Waiting for a replacement part for your domestic appliance? Print your own

Dec 08, 2010

(PhysOrg.com) -- Media coverage: Researchers based at the Innovative Design and Manufacturing Research Centre at the University of Bath have designed and developed a printer that can create objects from 3D files.

Dr Adrian Bowyer's Replicating Rapid Prototyping – known as RepRap for short - is a free desktop 3D printer capable of printing plastic objects. The object is formed by applying successive layers of solid material and the self-replicating machine could transform the nature of manufacturing.
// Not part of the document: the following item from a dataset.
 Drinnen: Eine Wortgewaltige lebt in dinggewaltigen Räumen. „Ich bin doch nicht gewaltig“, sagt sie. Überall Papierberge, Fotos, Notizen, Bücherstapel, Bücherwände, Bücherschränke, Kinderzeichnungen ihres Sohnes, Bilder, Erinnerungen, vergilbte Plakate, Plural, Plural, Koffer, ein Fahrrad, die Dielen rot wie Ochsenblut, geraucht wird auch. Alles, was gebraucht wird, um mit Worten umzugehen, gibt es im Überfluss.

and 3D printing are becoming commonplace, but the development of a self-replicating machine is making it possible for anyone to have their own machine for around the same price as a high-specification mobile telephone. It has enabled the costs of 3D printing to be massively reduced and therefore increased its accessibility.
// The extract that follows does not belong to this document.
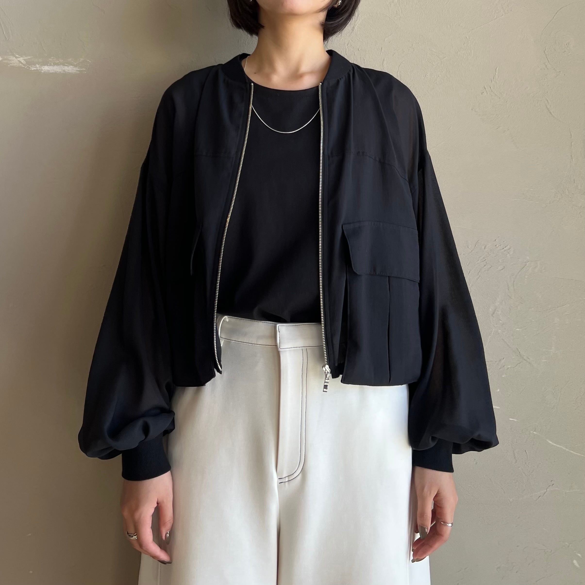 【PASSIONE シアーブルゾン】は、軽やかな透け感と女性らしいシルエットが魅力の春夏にぴったりな一枚。
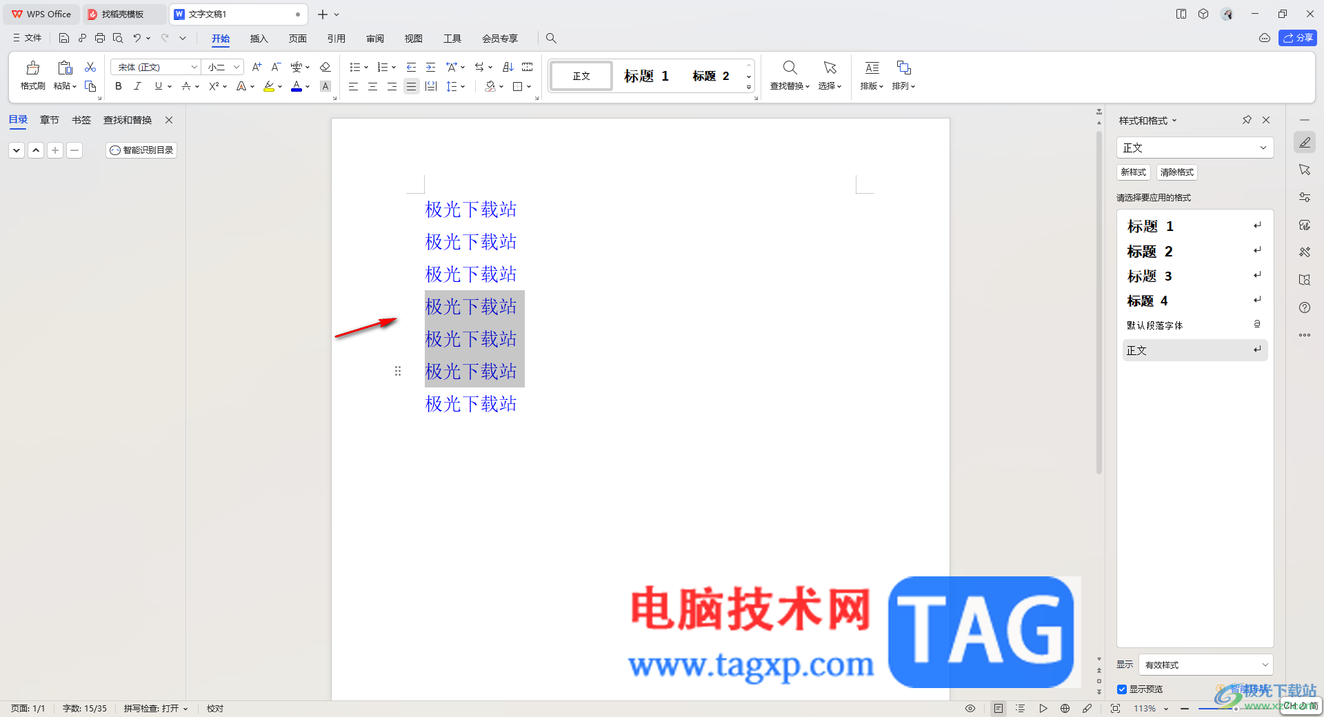 4.此外,我们也可以通过另一种比较经典的方法,就是选中统一的文字字体样式,可以查看一下该文字字体样式的参数,比如设置了宋体、小二以及蓝色字体。

Since many parts of RepRap are made from plastic and RepRap can print those parts, RepRap is a self-replicating machine - one that anyone can build given time and materials. It also means that - if you've got a RepRap - you can print lots of useful stuff, and you can print another RepRap for a friend.

The machines are most often used to create draft copies - prototypes - of objects that will later be created at greater expense with other materials. However, people could produce everyday objects in their own homes and put them together.

In the developed world RepRap machines could be used to manufacture replacement parts for domestic appliances, with the user having downloaded the appropriate files from the internet. People at home or at work could also download files for new products, with some files being available free and others available for a fee.

The Engineering and Physical Sciences Research Council (EPSRC) supports the Bath Innovative Design and Research Centre (IdMRC) which is located in the Department of Mechanical Engineering of the University of Bath.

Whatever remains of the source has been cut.